== DATA FOR THIS EXERCISE

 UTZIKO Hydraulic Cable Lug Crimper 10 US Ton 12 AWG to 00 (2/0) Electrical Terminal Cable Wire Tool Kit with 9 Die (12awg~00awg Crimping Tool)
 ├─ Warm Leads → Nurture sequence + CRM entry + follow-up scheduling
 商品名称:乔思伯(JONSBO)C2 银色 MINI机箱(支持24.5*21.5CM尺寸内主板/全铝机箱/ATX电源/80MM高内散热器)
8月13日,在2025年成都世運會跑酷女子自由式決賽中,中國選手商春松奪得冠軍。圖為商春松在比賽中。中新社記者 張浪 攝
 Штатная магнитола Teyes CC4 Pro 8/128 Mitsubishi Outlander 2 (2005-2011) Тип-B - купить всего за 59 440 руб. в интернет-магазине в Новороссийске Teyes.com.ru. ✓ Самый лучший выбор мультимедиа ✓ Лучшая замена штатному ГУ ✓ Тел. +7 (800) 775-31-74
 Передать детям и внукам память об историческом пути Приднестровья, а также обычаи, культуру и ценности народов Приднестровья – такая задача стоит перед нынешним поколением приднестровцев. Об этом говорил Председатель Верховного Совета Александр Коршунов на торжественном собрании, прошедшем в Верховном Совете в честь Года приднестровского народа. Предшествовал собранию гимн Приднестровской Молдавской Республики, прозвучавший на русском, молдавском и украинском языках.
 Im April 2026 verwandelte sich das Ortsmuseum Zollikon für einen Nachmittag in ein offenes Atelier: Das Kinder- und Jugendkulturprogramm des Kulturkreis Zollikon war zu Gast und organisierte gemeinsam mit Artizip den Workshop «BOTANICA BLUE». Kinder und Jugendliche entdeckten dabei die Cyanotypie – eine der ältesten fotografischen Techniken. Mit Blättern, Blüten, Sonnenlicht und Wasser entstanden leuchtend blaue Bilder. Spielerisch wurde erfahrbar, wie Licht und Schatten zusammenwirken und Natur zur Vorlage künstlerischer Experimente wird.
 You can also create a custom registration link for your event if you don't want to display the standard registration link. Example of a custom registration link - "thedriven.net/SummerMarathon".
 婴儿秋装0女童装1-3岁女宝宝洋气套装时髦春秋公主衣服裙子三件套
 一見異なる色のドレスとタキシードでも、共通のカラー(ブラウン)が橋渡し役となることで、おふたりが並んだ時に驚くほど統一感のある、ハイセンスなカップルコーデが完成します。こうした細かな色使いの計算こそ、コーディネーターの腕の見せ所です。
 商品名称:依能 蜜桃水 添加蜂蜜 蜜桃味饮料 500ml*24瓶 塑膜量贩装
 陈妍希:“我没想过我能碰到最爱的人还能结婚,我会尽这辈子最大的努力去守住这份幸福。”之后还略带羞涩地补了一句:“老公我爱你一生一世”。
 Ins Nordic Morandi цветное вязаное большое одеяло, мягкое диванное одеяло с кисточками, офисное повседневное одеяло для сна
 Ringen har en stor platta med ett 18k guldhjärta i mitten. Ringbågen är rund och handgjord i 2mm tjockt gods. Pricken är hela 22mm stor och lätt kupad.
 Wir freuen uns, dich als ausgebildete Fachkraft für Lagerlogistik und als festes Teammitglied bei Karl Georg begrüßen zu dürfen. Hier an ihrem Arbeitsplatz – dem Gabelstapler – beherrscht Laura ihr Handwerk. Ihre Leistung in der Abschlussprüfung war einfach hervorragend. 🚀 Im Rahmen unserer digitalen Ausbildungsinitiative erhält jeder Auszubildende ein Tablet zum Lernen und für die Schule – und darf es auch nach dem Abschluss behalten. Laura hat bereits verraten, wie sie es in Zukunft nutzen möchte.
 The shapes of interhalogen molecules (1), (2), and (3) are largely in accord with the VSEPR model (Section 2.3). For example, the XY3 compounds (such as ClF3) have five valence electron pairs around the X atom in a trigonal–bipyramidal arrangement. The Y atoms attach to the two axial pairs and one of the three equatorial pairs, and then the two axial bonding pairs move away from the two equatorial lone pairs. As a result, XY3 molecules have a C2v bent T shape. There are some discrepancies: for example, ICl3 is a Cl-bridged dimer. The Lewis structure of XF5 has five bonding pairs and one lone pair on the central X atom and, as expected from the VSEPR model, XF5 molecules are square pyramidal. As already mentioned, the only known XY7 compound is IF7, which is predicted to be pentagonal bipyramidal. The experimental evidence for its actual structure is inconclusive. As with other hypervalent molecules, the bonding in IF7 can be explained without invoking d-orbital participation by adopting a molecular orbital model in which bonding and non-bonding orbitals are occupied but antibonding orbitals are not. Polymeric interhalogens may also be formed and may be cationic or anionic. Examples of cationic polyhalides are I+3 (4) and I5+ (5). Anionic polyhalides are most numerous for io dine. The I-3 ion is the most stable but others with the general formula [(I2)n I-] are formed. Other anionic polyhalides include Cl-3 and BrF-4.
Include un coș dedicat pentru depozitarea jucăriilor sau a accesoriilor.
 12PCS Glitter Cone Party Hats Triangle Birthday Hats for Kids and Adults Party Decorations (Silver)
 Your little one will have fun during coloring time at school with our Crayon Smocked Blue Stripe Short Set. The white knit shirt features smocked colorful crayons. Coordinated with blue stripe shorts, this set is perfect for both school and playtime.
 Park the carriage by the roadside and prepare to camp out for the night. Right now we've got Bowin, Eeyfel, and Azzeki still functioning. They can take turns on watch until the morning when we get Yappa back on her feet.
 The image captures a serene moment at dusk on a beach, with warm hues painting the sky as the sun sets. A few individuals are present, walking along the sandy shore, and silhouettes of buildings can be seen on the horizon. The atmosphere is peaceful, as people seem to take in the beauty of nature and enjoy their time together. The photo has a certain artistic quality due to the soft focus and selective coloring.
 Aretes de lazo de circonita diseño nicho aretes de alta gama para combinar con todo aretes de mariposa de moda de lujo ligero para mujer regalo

====

* EXERCISE AIM *
Which lines in the data hold the string "商品名称"? Copy each of them.

* ANSWER FOR THIS EXERCISE *
 商品名称:乔思伯(JONSBO)C2 银色 MINI机箱(支持24.5*21.5CM尺寸内主板/全铝机箱/ATX电源/80MM高内散热器)
 商品名称:依能 蜜桃水 添加蜂蜜 蜜桃味饮料 500ml*24瓶 塑膜量贩装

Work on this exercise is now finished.